If NGDO relations with the poor and marginalized are captured by the concept of participation, relations between NGDOs themselves and others are typically expressed by the concept of "partnership". Given the pervasiveness of the term, and its relevance for subsequent subsections, it is necessary to examine this concept more closely.
Since the 1970s, "partnership" has been a benchmark for NGDO relationships with other actors (Fowler, 1991; 1998). In its original form, partnership was understood to reflect humanitarian, moral, political, ideological or spiritual solidarity between NGDOs in the North and South that joined together to pursue a common cause of social change.
Since then the quest for "partnership" has been adopted by many kinds of development institutions, and, more recently, by private sector entities (Tennyson et al., 1994; Bendell, 1998). Today's rule of thumb in international development is that everybody wants to be a partner with everyone, on everything, everywhere. Inevitably, the original idea and premise of partnership has been stretched in many directions and interpreted in many ways.40 Consequently, the phrase "partnership in development" has become virtually meaningless and discredited. The more so because too often it camouflages aid-related relationships that are unbalanced, dependency-creating and based on compromise in favour of the powerful.41 Frequently, these dis-empower NGDOs (and others) on the receiving end of the aid system. This can occur in many circumstances, for example, when:
· aid conditions and procedures undermine an NGDO's own governance and local accountability, or work against applying good practice and achieving comparative advantages;
· donors do not accept mutual responsibility for performance, loading everything onto the NGDO;42
· NGDO attention to financiers is at the cost of attention to and the influence of local constituencies;
· NGDO local knowledge and rootedness is discounted by external, comparative knowledge and imported models;
· external development policies become fashions to be followed and only questioned at the risk of being financially excluded - in other words, when NGDO self-censorship becomes an organizational way of life (Edwards, 1993);
· the "lottery" aspect of funding generates insecurity in an NGDO's organizational behaviour, as well as "short-termism";
· patron-client behaviour becomes the norm; and
· local NGDOs are "captured" by foreign agencies, eroding or compromising their autonomy, local credibility and identity by becoming extensions of those - "the foreign masters" - that they serve (Mama, 1998).

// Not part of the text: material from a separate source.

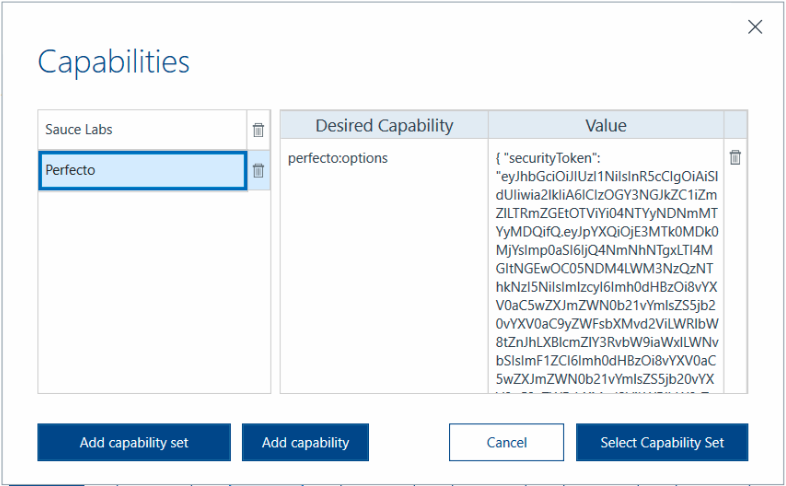 Beispielhafte Desired Capabilities für die Perfecto-Integration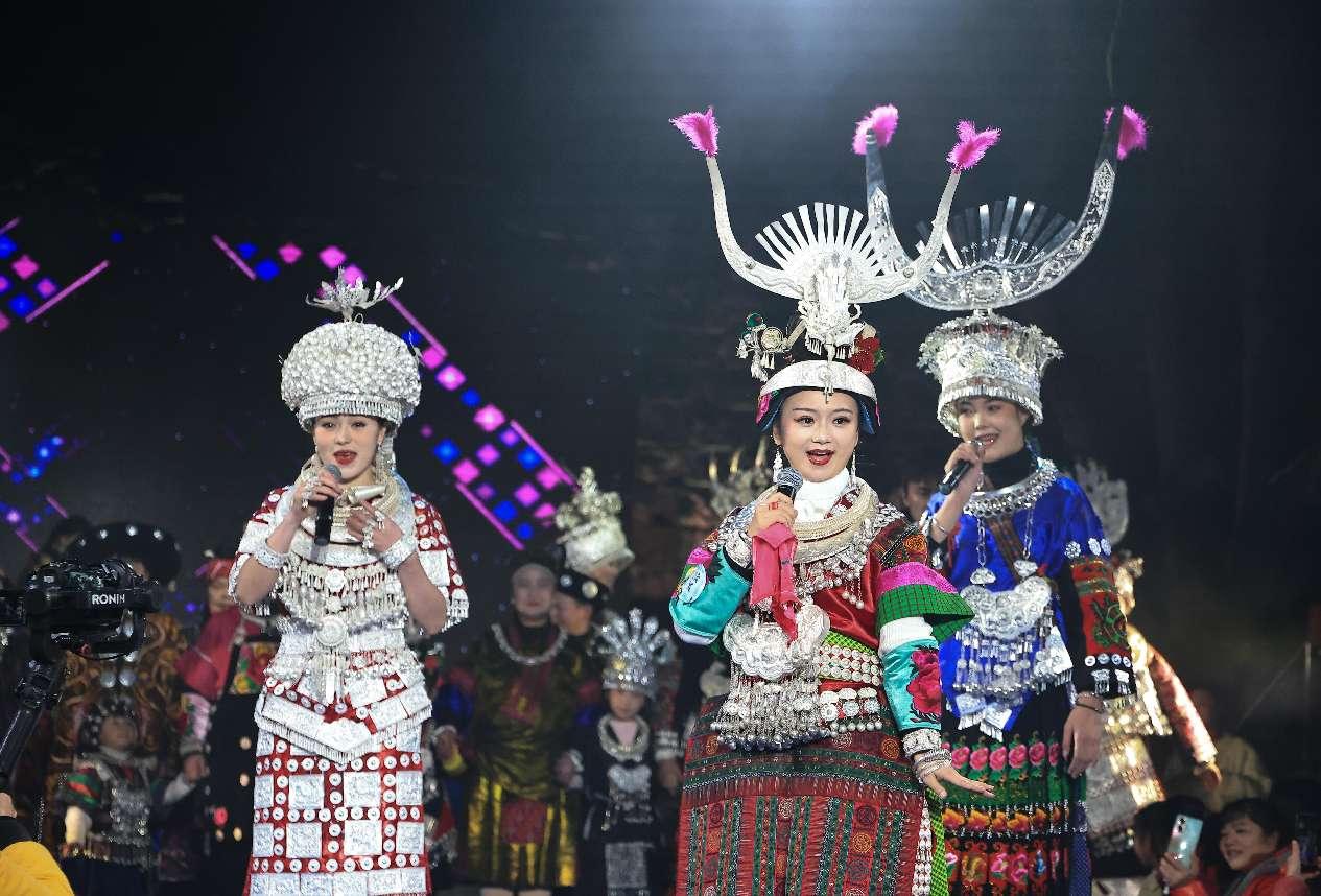 Performers clad in traditional ethnic costumes sing at a roadside concert held near the Wenchang Pavilion in Yunyan district, Guiyang, southwest China's Guizhou province, January 1, 2025. (Photo by Zhang Hui/People's Daily Online)

40 The emphasis on partnership across the aid system rests on a questionable premise and neglects donor countries' own history. The false premise in universal partnership stems from the paradigm informing today's official development goals, priorities and methods. The idea is to establish in the South and East a "social contract" model of development prevailing in most Northern countries. In this model, state, market and third-sector actors perform in consort and are aligned to overcome the social and environmental dysfunctions created by the limits to competition in a capitalist market economy (Lisbon Group, 1995). This approach rests on the assumption that the long, differentiated evolutionary processes and struggles between social forces that the North has undergone to reach social contract arrangements can be circumvented by judicious application of foreign funds within a uniform framework. Historical analysis of development offers no confirmation that this assumption holds true. In fact, the opposite appears to be the case. Namely, that development models, policies and approaches need to be tailored "to a country's moment in history. Situational relativism must be accepted by academic development economists as well as by policy makers, both within developing countries and in the international development policy community" (Adelman and Morris, 1997:840). Partnership as pursued by donors may apply in some contexts but not in (many) others. In short, one size does not fit all.
41 Selected references on NGDOs partnerships are: Fowler, 1991; 1998; Lap, 1997; Malena, 1995b; Malhotra, 1997; Manji, 1997; Martella and Schunk, 1997; Murphy, 1998; Perera, 1995.
42- Evaluations are the usual method for assessing the performance of development institutions. Too seldom, however, is donor behaviour - their conditions, procedures, inconsistencies allied to frequent staff turnover, micro-management by their personnel, etc., - included in evaluations of NGDOs. Put another way, aid is seldom evaluated as a system but as discrete, unrelated projects, programmes and institutions.
These aspects of dis-empowerment are common, especially among smaller Southern and Eastern NGDOs. Their dissatisfaction with relationships is voiced from rime to time in public - but more often and forcibly in private. However, notwithstanding innovations and experiments, the old debates have yet to lead to constructive change.
The gap between the rhetoric and reality of mutual respect, equitable sharing and balanced power - which partnership with and between NGDOs implies - remains large and systemic. Such a perpetual gap signals a structural pathology or institutionalized illness in the aid or A factor.43 Not surprisingly, as will be seen later, the difficult translation of partnership into practice causes discomfort, disappointment and mistrust. This is the case in the most sincere attempts to make partnership work equitably. For example, a recent evaluation of a Danish NGDO's relationship with Southern partners of many years reached the following conclusions:
· The partnership concept is not understood by the partners.44
· Country offices try to change reality by changing words in policy papers and partnership agreements rather than by practical fulfilment of the ideas.
· The NGDO is seen to do a lot of talking about partnership, yet in many ways still behaves like a traditional donor eager to have 'partners' for placement of their development workers and as outlets for their funds (Development Today, 1999:10).
43 While not fulfilling its promise, retaining the word is attractive because it mystifies what is really going on to the benefit of those with greater power.
44 The evaluation was carried out in Mozambique, Nepal and Tanzania. If not tongue in cheek, this formulation places the blame firmly on the Southern "partners". They do not understand. It is their fault. The phrasing is indicative of a Northern mindset still immune, or unconscious, to how patronage expresses itself.
A similar picture can be found with American foundations financing international development - i.e. the donors considered to be most experienced and advanced in terms of the profession of funding NGDOs.
Yet, despite the pervasive rhetoric of partnership, foundations' grantmaking practices have often been criticized for their insensitivity to the perspectives and needs of recipients. Unfortunately, the nature of philanthropic relationships tends towards donor dominance (Schearer, 1999:29).
These findings reflect common experience. Inevitably, Southern NGDOs are increasingly frustrated by the relational pathology of Northern NGDO counterparts and the growing number of official aid agencies that preach participation but practice dominance and patronage (Muchunguzi and Milne, 1995; Smillie 1995; Malhotra, 1997; Eade, 1997). Overall, for moral, conceptual and operational reasons, the notion of "partnership in development" requires more honesty and a substantial rethink. What this could entail is discussed in section IV.